-- Exercise prompt --
Write out nothing but the lines from the first line of the entries below through the line with "Metalowy mały komplet"; no pictures go in.

-- Stored items --
____________
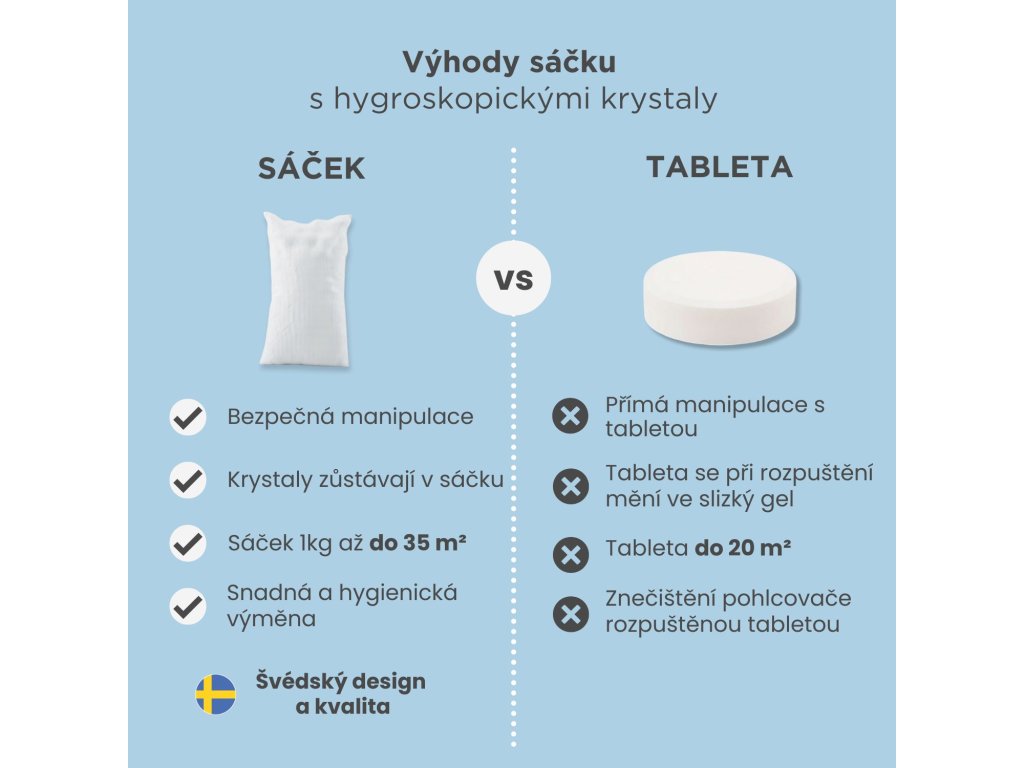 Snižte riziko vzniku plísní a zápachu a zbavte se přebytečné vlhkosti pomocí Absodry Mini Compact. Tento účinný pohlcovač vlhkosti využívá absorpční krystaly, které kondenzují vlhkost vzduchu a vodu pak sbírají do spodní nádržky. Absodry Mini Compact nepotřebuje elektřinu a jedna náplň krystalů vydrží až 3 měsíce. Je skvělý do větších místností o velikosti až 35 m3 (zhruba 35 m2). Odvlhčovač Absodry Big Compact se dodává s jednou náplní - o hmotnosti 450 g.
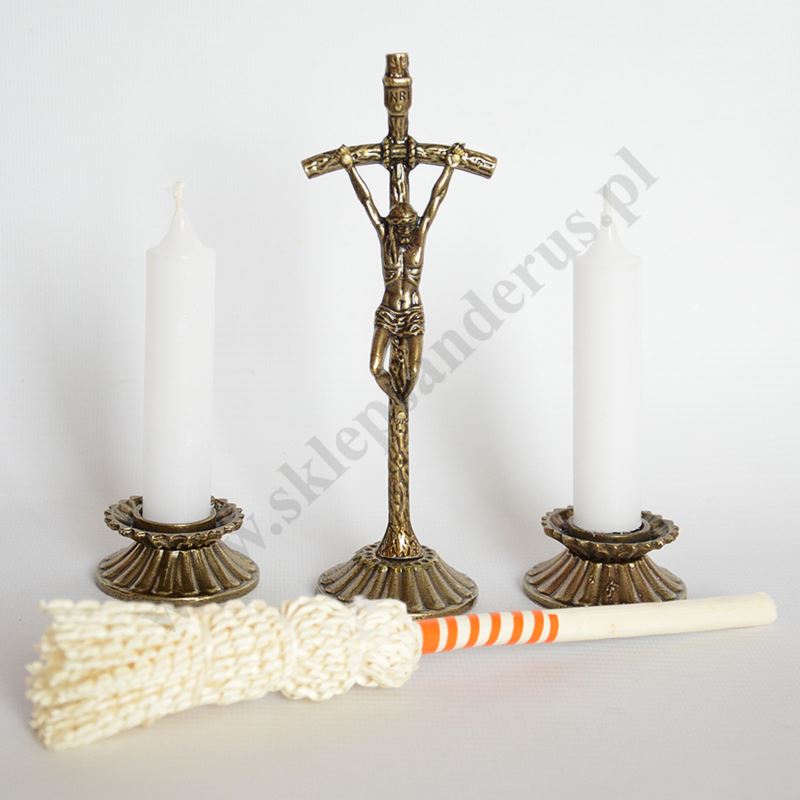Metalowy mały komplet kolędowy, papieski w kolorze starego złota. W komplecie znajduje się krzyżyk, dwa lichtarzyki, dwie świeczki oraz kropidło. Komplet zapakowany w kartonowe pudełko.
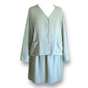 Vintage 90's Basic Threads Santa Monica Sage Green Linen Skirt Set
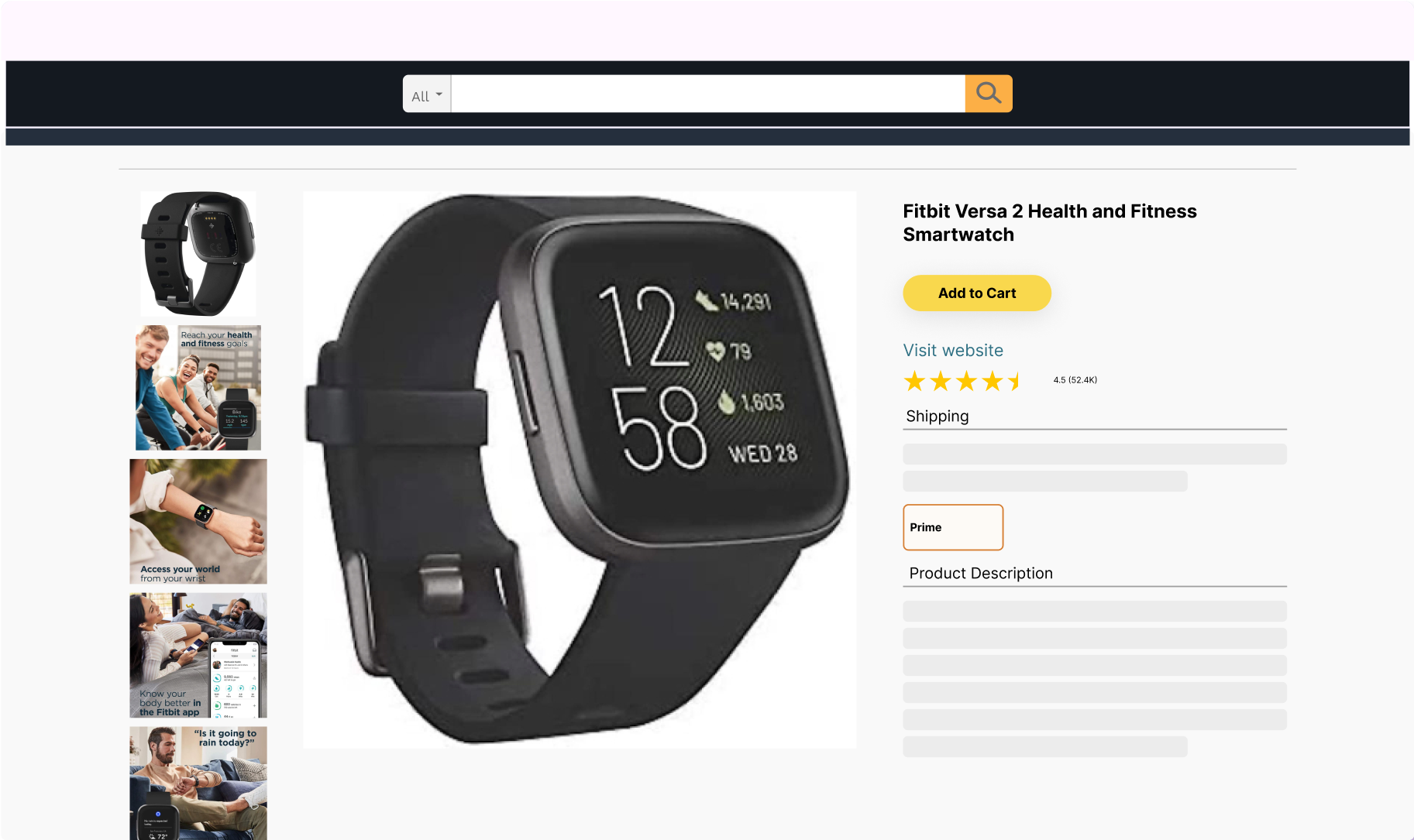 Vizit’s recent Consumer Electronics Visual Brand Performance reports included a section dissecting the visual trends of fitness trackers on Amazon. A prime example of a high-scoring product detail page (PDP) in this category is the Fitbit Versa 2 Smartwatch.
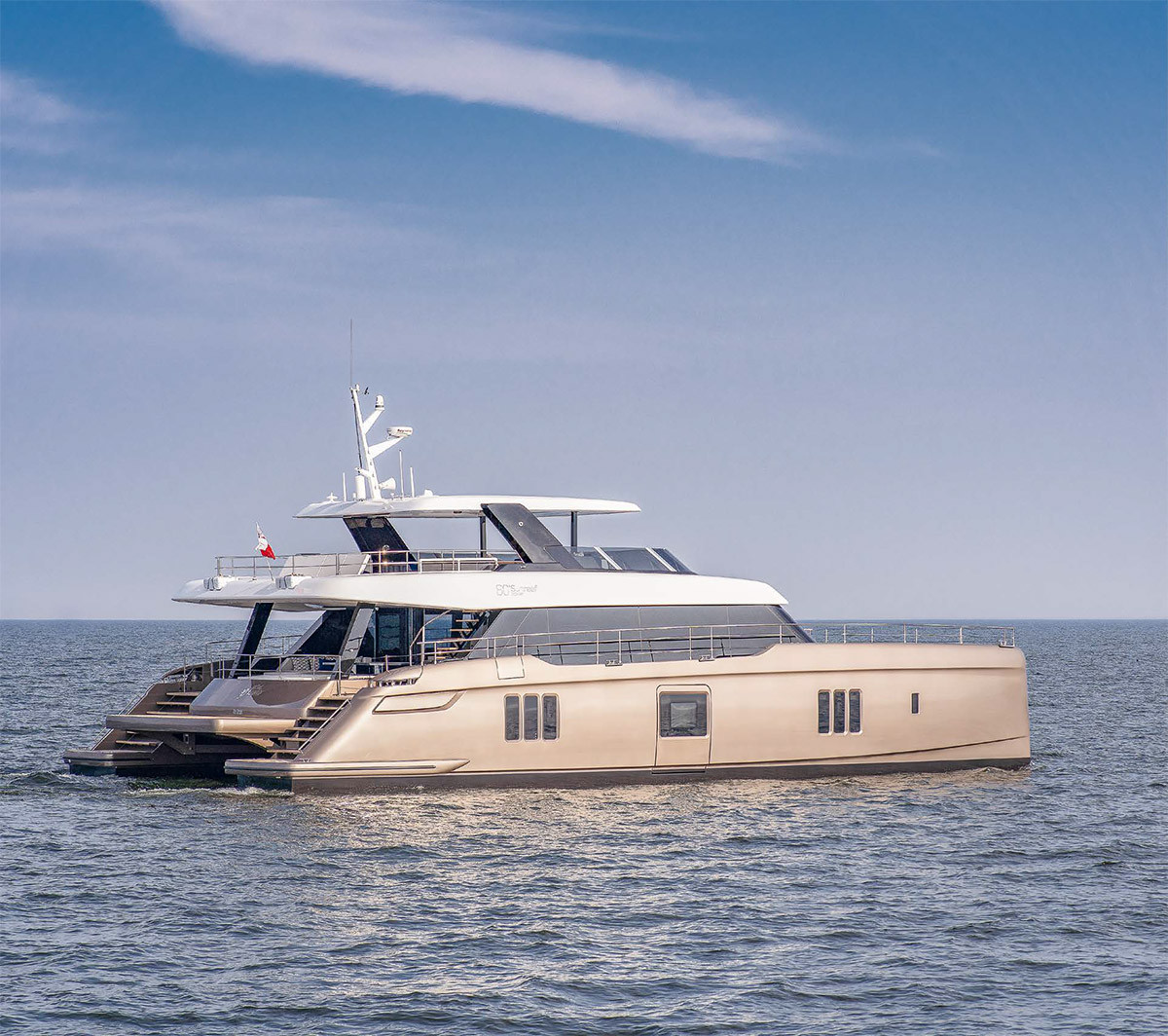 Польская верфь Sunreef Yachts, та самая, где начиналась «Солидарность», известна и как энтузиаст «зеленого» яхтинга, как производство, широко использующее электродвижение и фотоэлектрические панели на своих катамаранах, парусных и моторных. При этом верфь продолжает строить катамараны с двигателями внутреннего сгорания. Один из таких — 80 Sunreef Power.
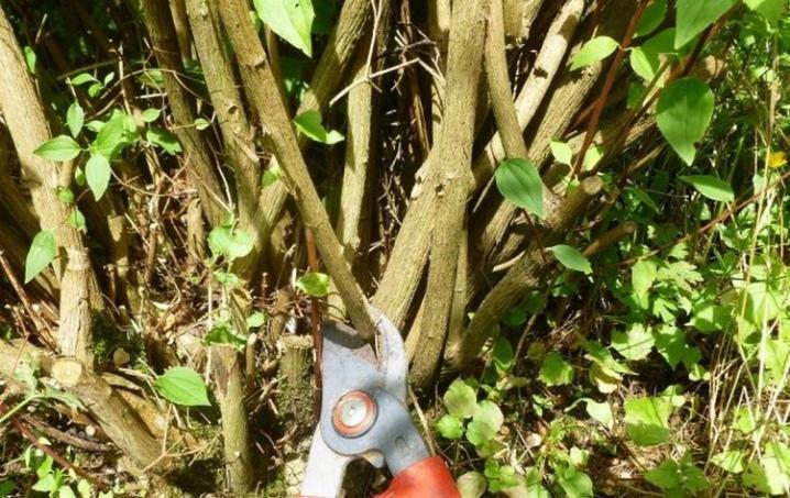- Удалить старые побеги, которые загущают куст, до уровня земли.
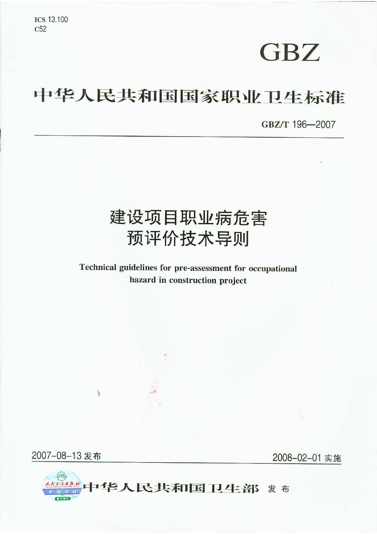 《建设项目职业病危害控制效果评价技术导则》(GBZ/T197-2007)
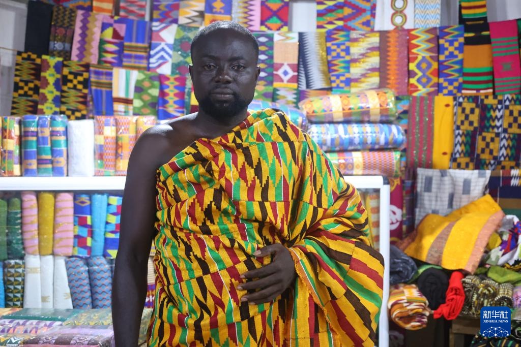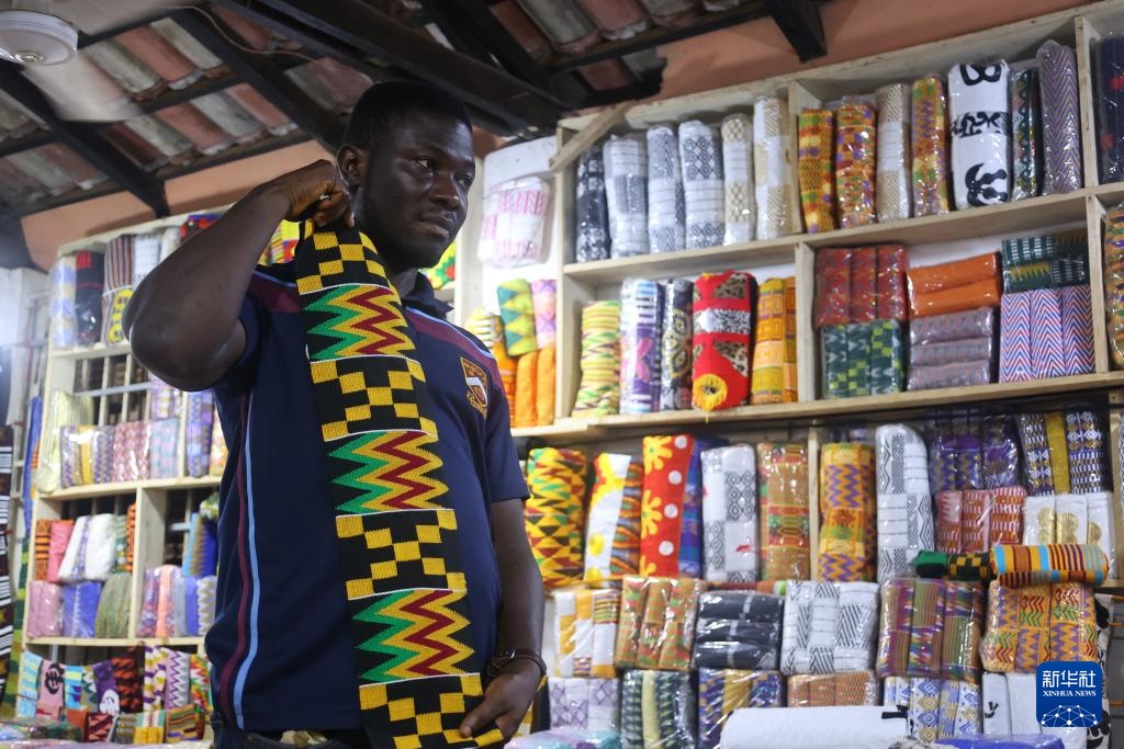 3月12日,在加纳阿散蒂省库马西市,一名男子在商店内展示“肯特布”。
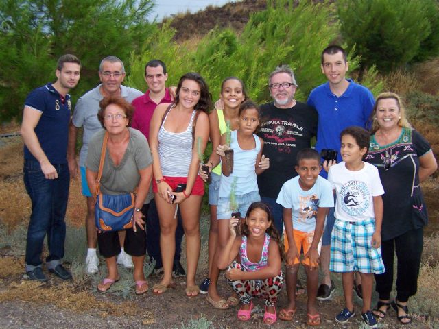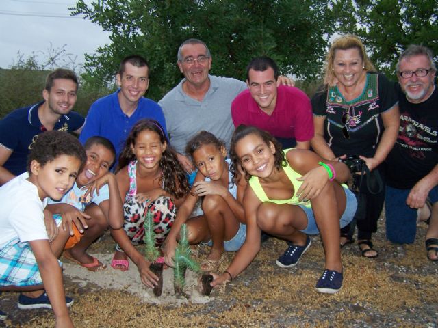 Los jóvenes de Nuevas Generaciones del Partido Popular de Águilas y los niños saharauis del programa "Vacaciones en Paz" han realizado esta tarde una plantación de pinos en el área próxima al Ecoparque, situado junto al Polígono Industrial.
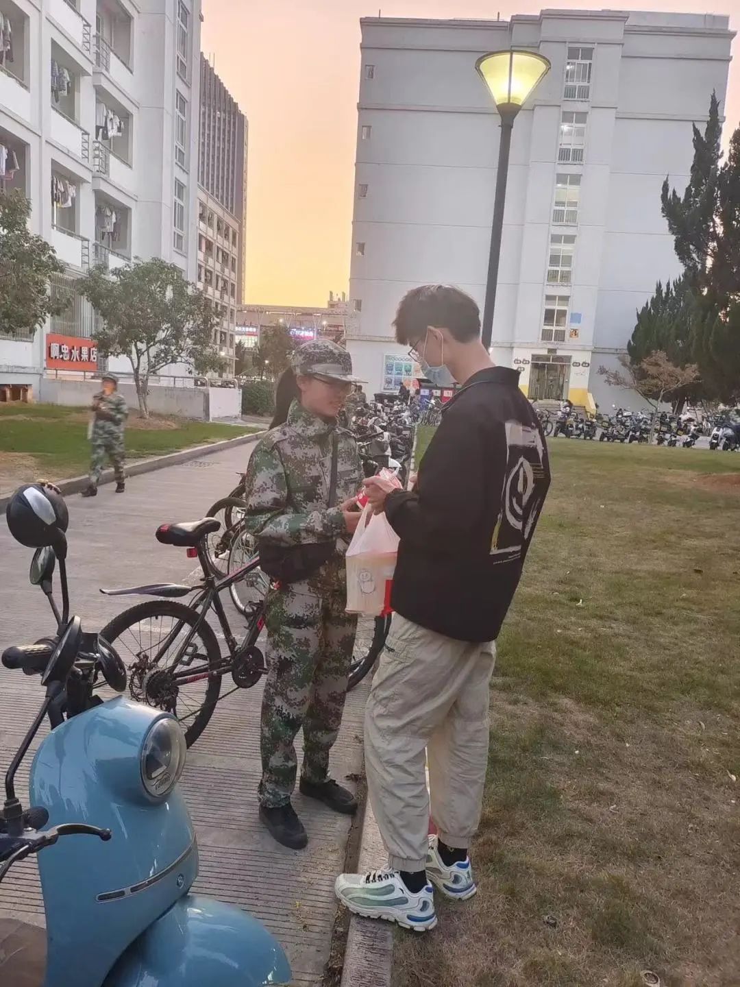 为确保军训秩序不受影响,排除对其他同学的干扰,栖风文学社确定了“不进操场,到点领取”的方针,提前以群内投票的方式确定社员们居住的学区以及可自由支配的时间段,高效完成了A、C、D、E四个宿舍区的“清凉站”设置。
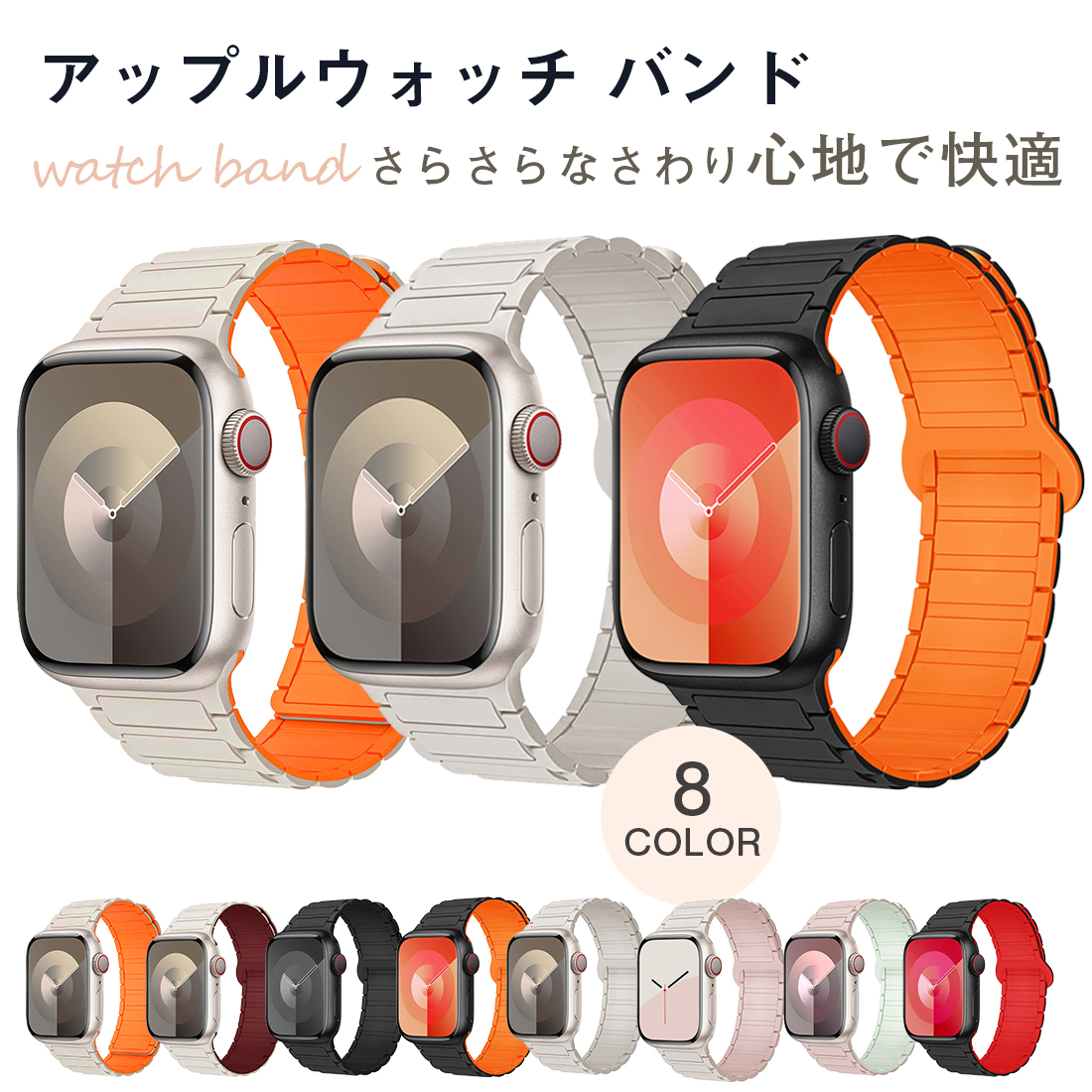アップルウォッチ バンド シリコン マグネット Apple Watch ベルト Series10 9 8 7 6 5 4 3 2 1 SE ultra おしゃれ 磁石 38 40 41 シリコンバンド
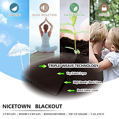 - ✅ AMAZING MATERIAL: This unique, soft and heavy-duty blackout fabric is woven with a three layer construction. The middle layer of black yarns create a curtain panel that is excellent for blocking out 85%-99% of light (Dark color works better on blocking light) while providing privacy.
____________
-- Result --
 Snižte riziko vzniku plísní a zápachu a zbavte se přebytečné vlhkosti pomocí Absodry Mini Compact. Tento účinný pohlcovač vlhkosti využívá absorpční krystaly, které kondenzují vlhkost vzduchu a vodu pak sbírají do spodní nádržky. Absodry Mini Compact nepotřebuje elektřinu a jedna náplň krystalů vydrží až 3 měsíce. Je skvělý do větších místností o velikosti až 35 m3 (zhruba 35 m2). Odvlhčovač Absodry Big Compact se dodává s jednou náplní - o hmotnosti 450 g.
Metalowy mały komplet kolędowy, papieski w kolorze starego złota. W komplecie znajduje się krzyżyk, dwa lichtarzyki, dwie świeczki oraz kropidło. Komplet zapakowany w kartonowe pudełko.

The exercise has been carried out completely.